Лариса помолчала, а потом жёстко добавила: — Деньги-то у него водились. И немалые. Я точно знаю.
Я вдруг понял, что она после исчезновения Николая обрыскала весь дом, но, видимо, ничего не нашла.
В воздухе опять повисло тягостное безмолвие.
— Ну, я, пожалуй, пойду, — сказал я. — Ещё сколько времени до дому добираться.
— Конечно, езжайте, — с явным облегчением сказала Лариса. — Темнеет сейчас рано.
Прощаясь возле калитки, я спросил: — А с домом-то что будет? Хороший дом, большой…
— Не знаю, — сказала домработница. — Я сюда ещё один раз приеду, запру всё. Пусть государство разбирается. Вы поторопитесь. Говорят, тут шайка бездомных собак объявилась. — С этими словами она захлопнула калитку.
Я шёл по протоптанной мною же тропинке в быстро смеркающийся вечер и думал, что не так уж плохо быть обывателем. Через несколько часов дома меня ждал вкусный ужин, лопотание дочки, которая в следующем году пойдёт в школу, теплая женушкина постель. Я выпью с мороза рюмочку, а то и две. Жизнь прекрасна и удивительна, особенно если не заморачиваться.

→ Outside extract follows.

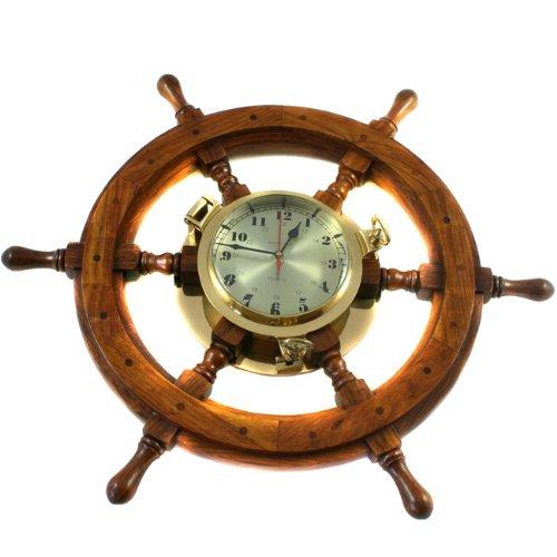 It's time you get the very best - you deserve it! this large imported decorative wooden nautical reproduction antique captain's ship wheel with solid brass porthole wall clock is truly a wonderful work of art! handcrafted to look authentic to the era, this classical, yet stylish wall clock will look absolutely beautiful in your home. It makes a great house warming gift for that special friend that loves the ocean, sea, ships, navy, etc. - or simply a wonderful contemporary home decor piece for your own home.

Мне показалось, что вдали мелькнул силуэт человека. «Неужто, Николай?!» — подумал я. Я остановился и принялся вглядываться.
«Он считал себя человеком эпохи, давно канувшей в Лету. А ведь не дурак же был и не сумасшедший. Но родился-то и жил в наше время, и зачем ему нужны были эти игры в подкидного с судьбой. Жил, судя по всему, странно и исчез также по-идиотски».
Я поймал себя на мысли, что слово идиот только в наши дни стало ругательным, а раньше просто означало — блаженный. Блаженный это и не хорошо и не плохо. Это другой взгляд на мир, наверное, очень высокомерный, вполне под стать этим древним римлянам. Это ведь блажь быть блаженным, а блажь от скуки, от пресыщения, от того, что все вокруг тебя носятся. Я понял, что начинаю рассуждать точь-в-точь как Николай.
«Чего он добился, чего он хотел показать своей жизнью? Как там? „Моменте морэ“… Чего, собственно говоря, о ней помнить. Она придёт и заберёт, не спрашивая. Точно, права Лариса. Алхимик. Искал этот свой философский камень, может и сейчас ищет. А, может, понял, что и нет никакого камня на самом деле. Что на самом деле надо жить, а не мудрить. Или что… Как он тогда назвал философов? Люди со странной усмешкой? Или к ним относятся со странной усмешкой?»
Мороз рассеял видимость человеческого силуэта, я поглубже натянул вязаную шапочку и зашагал в сторону трассы, оставляя за собой обломки этих вечных шальных вопросов…
Всю свою жизнь Яков Исаакович Эстерман противился тому, что ему было на роду написано: быть добропорядочным местечковым евреем.
Нельзя сказать, что он противился сознательно, во всяком случае, в юности. Просто треклятые парки упрямо плели его судьбу по своему плану, не оставляя ни малейшего шанса соответствовать фамилии, имени и отчеству.
Окончив школу, он, сын провинциальных учителей, поехал в Москву — поступать в Архитектурный, но провалился на вступительных экзаменах. Вернувшись не солоно хлебавши в родной Саратов, за неимением какой бы то ни было специальности, устроился чернорабочим на стройку.
Мысли перекантоваться до следующего года в тёплом родительском гнездышке не возникло, семья жила небогато, да и отец, бессменный школьный завуч по воспитательной работе, был непримирим к тунеядцам.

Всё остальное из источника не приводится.